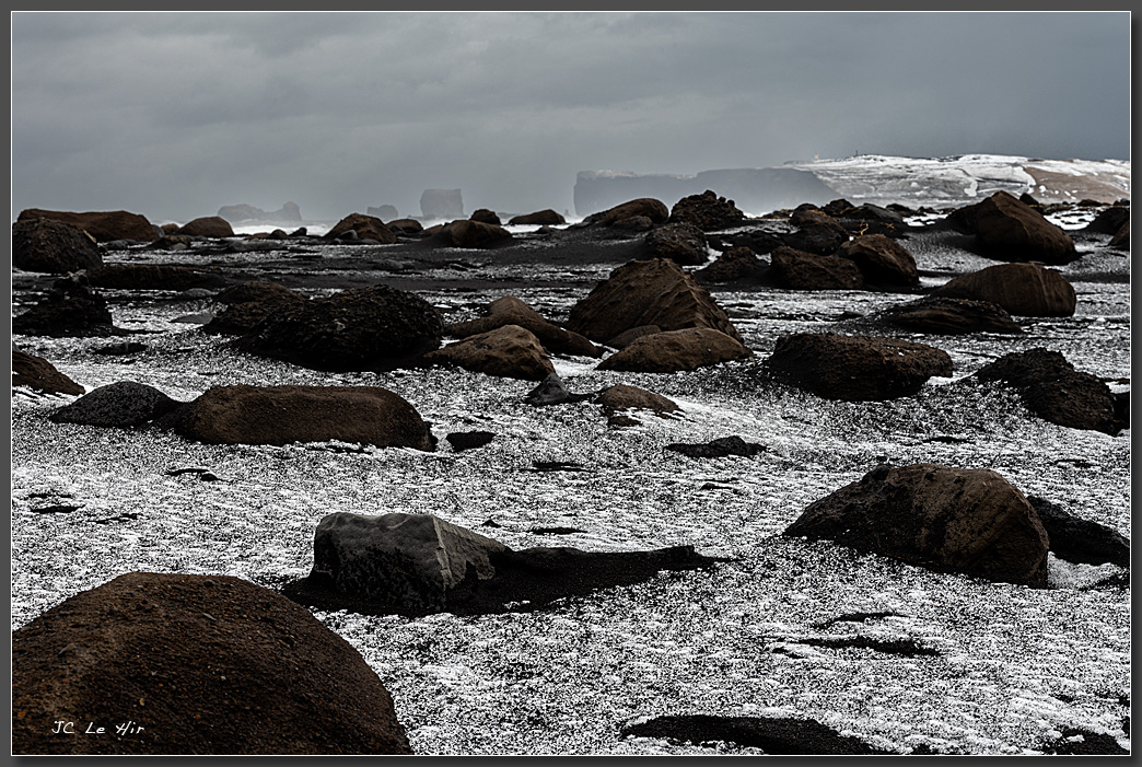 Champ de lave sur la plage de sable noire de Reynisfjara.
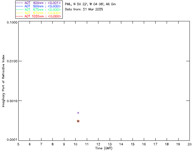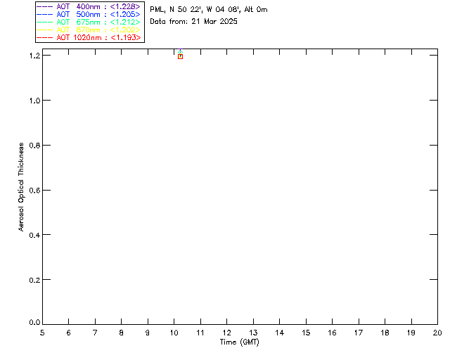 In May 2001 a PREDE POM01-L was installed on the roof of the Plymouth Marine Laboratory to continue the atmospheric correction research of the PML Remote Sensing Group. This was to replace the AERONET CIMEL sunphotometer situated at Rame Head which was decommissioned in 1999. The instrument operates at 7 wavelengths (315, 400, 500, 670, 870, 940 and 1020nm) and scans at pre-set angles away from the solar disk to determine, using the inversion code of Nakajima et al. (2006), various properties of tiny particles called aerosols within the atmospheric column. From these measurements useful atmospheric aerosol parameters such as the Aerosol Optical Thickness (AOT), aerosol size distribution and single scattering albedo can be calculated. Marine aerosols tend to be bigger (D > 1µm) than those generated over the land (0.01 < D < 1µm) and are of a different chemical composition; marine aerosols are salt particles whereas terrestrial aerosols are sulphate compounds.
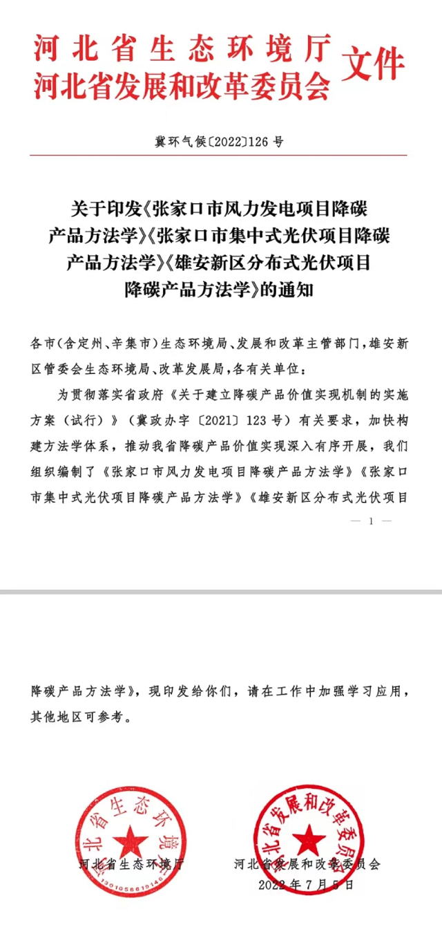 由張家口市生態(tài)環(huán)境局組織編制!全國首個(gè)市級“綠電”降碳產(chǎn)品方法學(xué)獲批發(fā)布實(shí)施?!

ACTIVITY:
The whole listing must come back verbatim, with no pictures included.

SOLUTION:
 Champ de lave sur la plage de sable noire de Reynisfjara.
 In May 2001 a PREDE POM01-L was installed on the roof of the Plymouth Marine Laboratory to continue the atmospheric correction research of the PML Remote Sensing Group. This was to replace the AERONET CIMEL sunphotometer situated at Rame Head which was decommissioned in 1999. The instrument operates at 7 wavelengths (315, 400, 500, 670, 870, 940 and 1020nm) and scans at pre-set angles away from the solar disk to determine, using the inversion code of Nakajima et al. (2006), various properties of tiny particles called aerosols within the atmospheric column. From these measurements useful atmospheric aerosol parameters such as the Aerosol Optical Thickness (AOT), aerosol size distribution and single scattering albedo can be calculated. Marine aerosols tend to be bigger (D > 1µm) than those generated over the land (0.01 < D < 1µm) and are of a different chemical composition; marine aerosols are salt particles whereas terrestrial aerosols are sulphate compounds.
 由張家口市生態(tài)環(huán)境局組織編制!全國首個(gè)市級“綠電”降碳產(chǎn)品方法學(xué)獲批發(fā)布實(shí)施?!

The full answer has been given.